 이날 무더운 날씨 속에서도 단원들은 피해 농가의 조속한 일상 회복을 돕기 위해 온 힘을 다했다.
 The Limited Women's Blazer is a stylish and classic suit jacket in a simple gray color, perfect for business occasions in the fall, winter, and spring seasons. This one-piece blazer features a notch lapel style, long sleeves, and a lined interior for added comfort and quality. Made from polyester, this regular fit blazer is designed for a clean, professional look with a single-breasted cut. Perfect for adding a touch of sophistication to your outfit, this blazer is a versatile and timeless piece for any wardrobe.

_ _ _ _

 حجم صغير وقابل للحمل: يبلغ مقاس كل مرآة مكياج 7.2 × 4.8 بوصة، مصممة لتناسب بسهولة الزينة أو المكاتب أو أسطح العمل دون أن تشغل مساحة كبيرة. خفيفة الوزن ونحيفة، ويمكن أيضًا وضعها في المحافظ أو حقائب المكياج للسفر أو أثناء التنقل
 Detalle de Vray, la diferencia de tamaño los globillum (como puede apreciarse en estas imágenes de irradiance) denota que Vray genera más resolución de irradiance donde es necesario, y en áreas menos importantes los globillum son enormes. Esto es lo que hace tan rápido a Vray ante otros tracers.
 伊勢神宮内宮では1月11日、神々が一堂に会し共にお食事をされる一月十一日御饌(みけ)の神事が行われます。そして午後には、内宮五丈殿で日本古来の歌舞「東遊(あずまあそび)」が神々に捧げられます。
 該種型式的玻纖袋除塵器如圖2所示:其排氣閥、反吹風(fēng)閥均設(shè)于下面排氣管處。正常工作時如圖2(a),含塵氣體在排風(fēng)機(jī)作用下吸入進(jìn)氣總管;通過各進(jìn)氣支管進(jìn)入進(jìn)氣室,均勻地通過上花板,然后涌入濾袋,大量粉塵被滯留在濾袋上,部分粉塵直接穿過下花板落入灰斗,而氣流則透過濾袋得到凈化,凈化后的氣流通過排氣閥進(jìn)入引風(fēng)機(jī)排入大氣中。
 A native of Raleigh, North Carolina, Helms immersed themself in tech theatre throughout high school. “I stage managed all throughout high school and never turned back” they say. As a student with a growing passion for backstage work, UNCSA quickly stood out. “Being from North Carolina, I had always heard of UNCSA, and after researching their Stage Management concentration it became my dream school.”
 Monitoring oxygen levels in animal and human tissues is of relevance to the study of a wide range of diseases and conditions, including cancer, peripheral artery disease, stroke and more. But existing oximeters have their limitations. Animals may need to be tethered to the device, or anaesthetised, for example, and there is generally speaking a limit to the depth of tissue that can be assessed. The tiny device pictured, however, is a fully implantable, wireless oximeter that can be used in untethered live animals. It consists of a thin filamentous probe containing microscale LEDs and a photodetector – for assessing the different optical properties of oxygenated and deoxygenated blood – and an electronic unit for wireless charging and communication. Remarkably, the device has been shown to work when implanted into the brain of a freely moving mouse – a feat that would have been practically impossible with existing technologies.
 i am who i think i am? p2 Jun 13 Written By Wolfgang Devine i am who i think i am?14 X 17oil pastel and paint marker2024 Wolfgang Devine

_ _ _ _

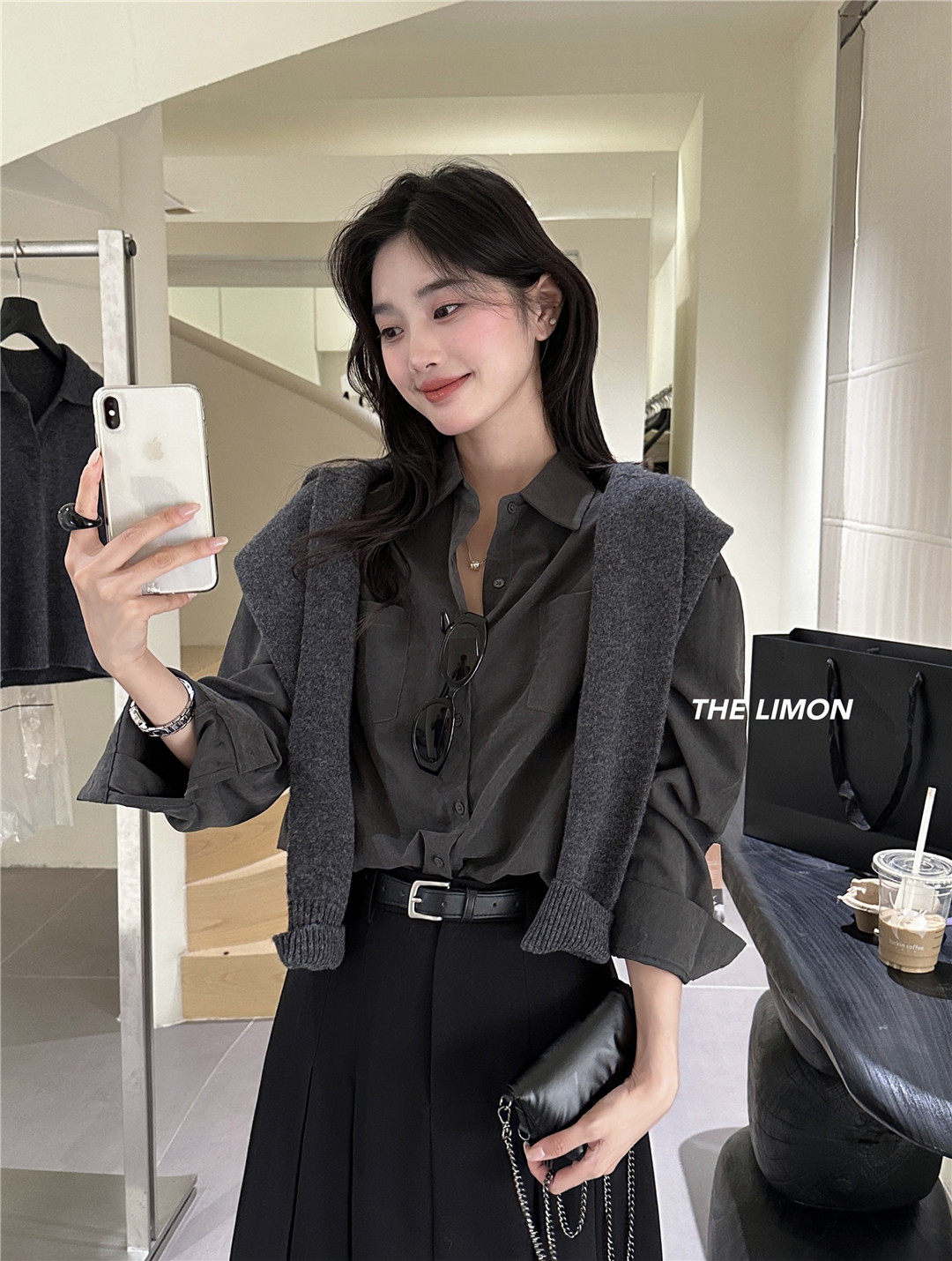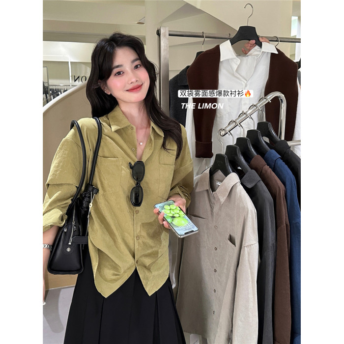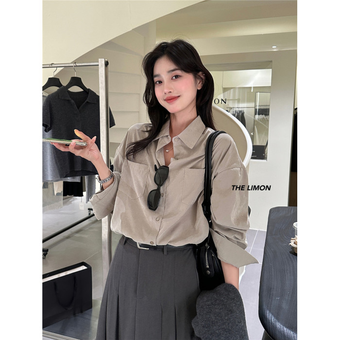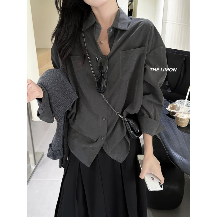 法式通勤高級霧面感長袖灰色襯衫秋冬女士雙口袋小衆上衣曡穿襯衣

_ _ _ _

■ WHAT TO PRODUCE ■
Every line above with the string "from" in it should be copied into the answer.

■ RESULT OF THE TASK ■
 The Limited Women's Blazer is a stylish and classic suit jacket in a simple gray color, perfect for business occasions in the fall, winter, and spring seasons. This one-piece blazer features a notch lapel style, long sleeves, and a lined interior for added comfort and quality. Made from polyester, this regular fit blazer is designed for a clean, professional look with a single-breasted cut. Perfect for adding a touch of sophistication to your outfit, this blazer is a versatile and timeless piece for any wardrobe.
 A native of Raleigh, North Carolina, Helms immersed themself in tech theatre throughout high school. “I stage managed all throughout high school and never turned back” they say. As a student with a growing passion for backstage work, UNCSA quickly stood out. “Being from North Carolina, I had always heard of UNCSA, and after researching their Stage Management concentration it became my dream school.”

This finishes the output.